Mr. and Mrs. Cake return to find their home surprisingly pristine and their children peacefully sleeping. Impressed, they offer Pinkie a permanent babysitting position, although she initially declines it. However, she hears the twins murmuring her name as they are asleep, and the episode ends with her saying that she has some free time next Tuesday to babysit them again.

== Reception ==
Sherilyn Connelly, the author of Ponyville Confidential, gave the episode a "B" rating. In her review of the episode in SF Weekly, Connelly described the episode as "essentially a horror story" and noted its use of horror homage elements, and wrote that it was Friendship Is Magics "first downer ending."

In a critical analysis of the episode, author Jen A. Blue called "Baby Cakes" "very entertaining" and described it as "a terrifying warning against unpreparedly accepting responsibility for children." Blue positioned the episode within Season 2's thematic exploration of relationships between past, present, and future; she argued that children symbolize both because they represent ancestors in their features and remind adults of their own childhoods while also signifying the future they will inherit. She analyzed how the episode references numerous past episodes in a transformative manner, and described this as a postmodern technique of hybridization where "the past recurs not as a fragment to be repeated, but fully absorbed and transformed." Blue noted that unlike a clip show that says "this is the past" or a formulaic show that says "this is new," this episode "repeats the past while saying 'this is different now than it was then.'" However, Blue identified Pinkie's crying at the end of the episode as somewhat problematic because it potentially reinforces the stereotype that women use tears manipulatively, calling this "a troubling note in an otherwise enjoyable episode."
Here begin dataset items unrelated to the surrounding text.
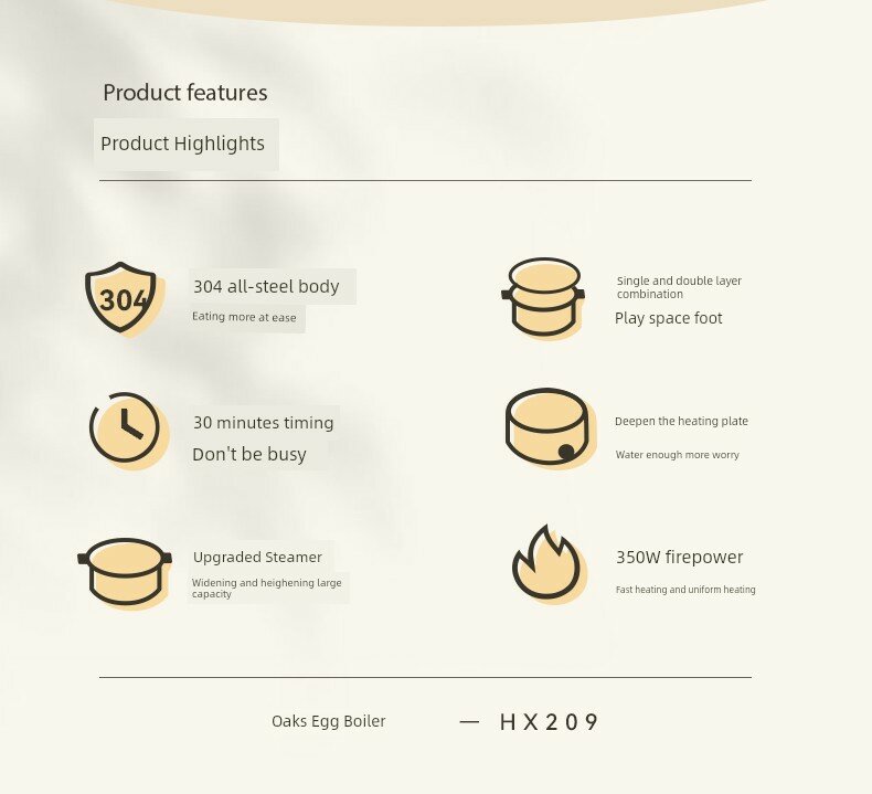 | Дополнительная информация | таймер на 30 минут, автоматическое отключение, быстрое нагревание, равномерный нагрев, комбинация одинарного/двойного слоя, большая вместимость, корпус из нержавеющей стали 304, конструкция ручки для легкой эксплуатации, можно выбрать нагрев для приготовления на пару и жарки, мощность 350 Вт, защита от выкипания, номинальная мощность: 350 Вт, вместимость воды: 300 мл, номинальная вместимость: один слой 7 яиц, два слоя 14 яиц |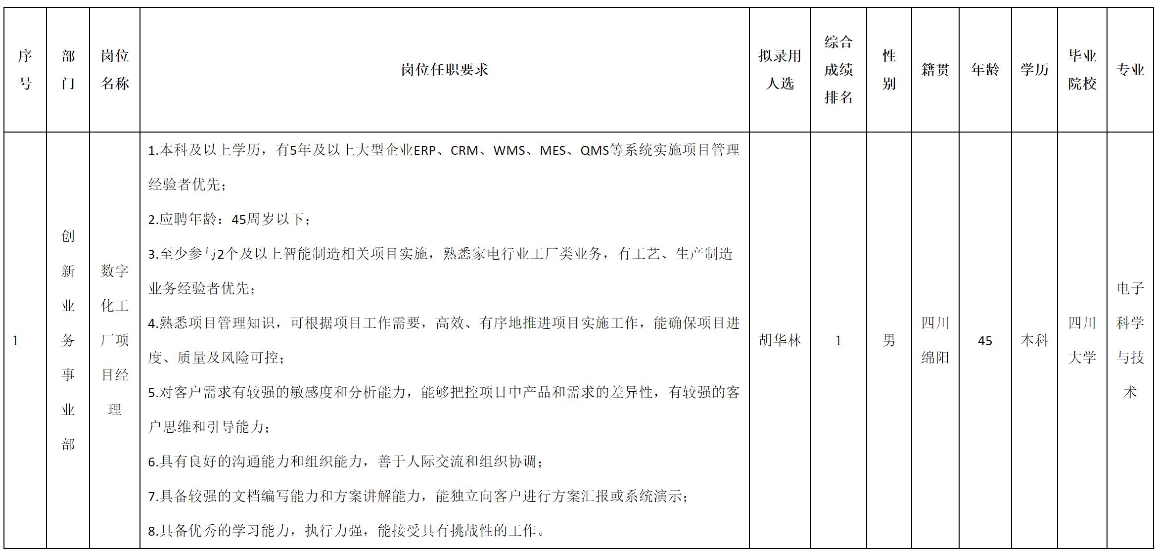 四川虹信軟件股份有限公司關(guān)于招聘數(shù)字化工廠項目經(jīng)理崗位擬錄用人員的公示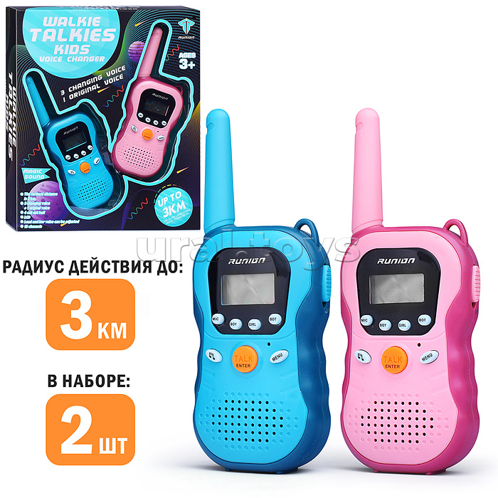 Комплект рассчитан на 2-х человек, которые могут спокойно переговариваться друг с другом на расстоянии до 3 КМ на открытой местности.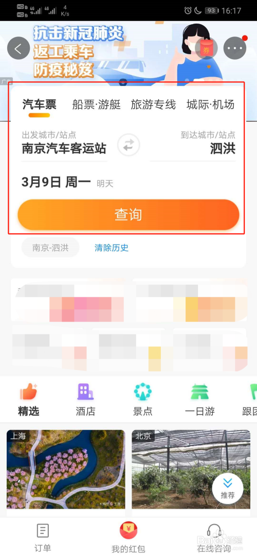 3、之后输入出发城市、达到城市和时候,点击查询;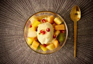 fruktsalat med iskrem ovenfra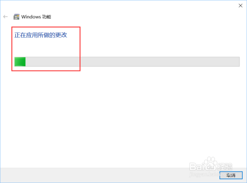 接下来就是添加功能的进度条了,若是你的电脑系统不撑持添加该功能,那么此时必定是不克不及添加当作功的,换句话说,若是可以添加当作功,那么就证实系统是撑持该功能的。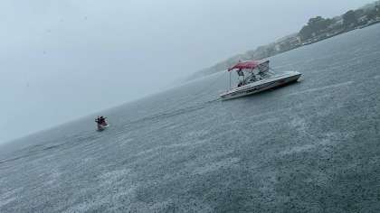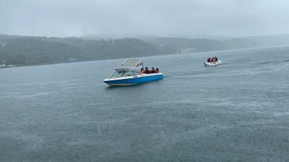 バナナボート体験です。なかなかのスピードで走っています。風が少し冷たかったようですが、本当に楽しかったようです。またやりたいとの声がたくさん聞かれました。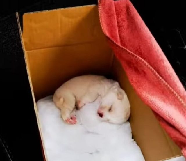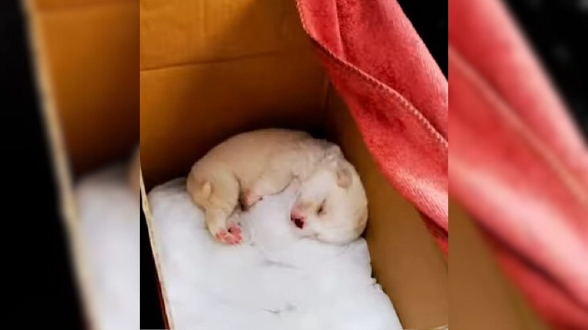 In today’s story, we focus on a one-week-old puppy who found himself in a dire situation after being taken from his mother. Abandoned in a plastic bag next to a trash can, the helpless pup cried out for the comfort of his mom, desperately trying to escape the confines of the bag.

Raymond Gallant of Freakin' Awesome Network gave the episode a rating of 8.5 out of 10 and called it "another excellent episode of a quality season." He praised the slapstick humor and the adorableness of the Cake twins, noting that the show's creators improved the foals' designs compared to those from "The Mysterious Mare Do Well". Republibot noted that the fan reaction to "Baby Cakes" was generally positive, though few called it their favorite episode. Brendan Kachel of flayrah wrote that "the two baby ponies in this episode are annoying", but that this was the point; the lesson Pinkie Pie had to learn was that some things that need to be done are not always going to be fun.

== Home media release ==
The episode was part of the Season 2 DVD set, released by Shout Factory on May 14, 2013.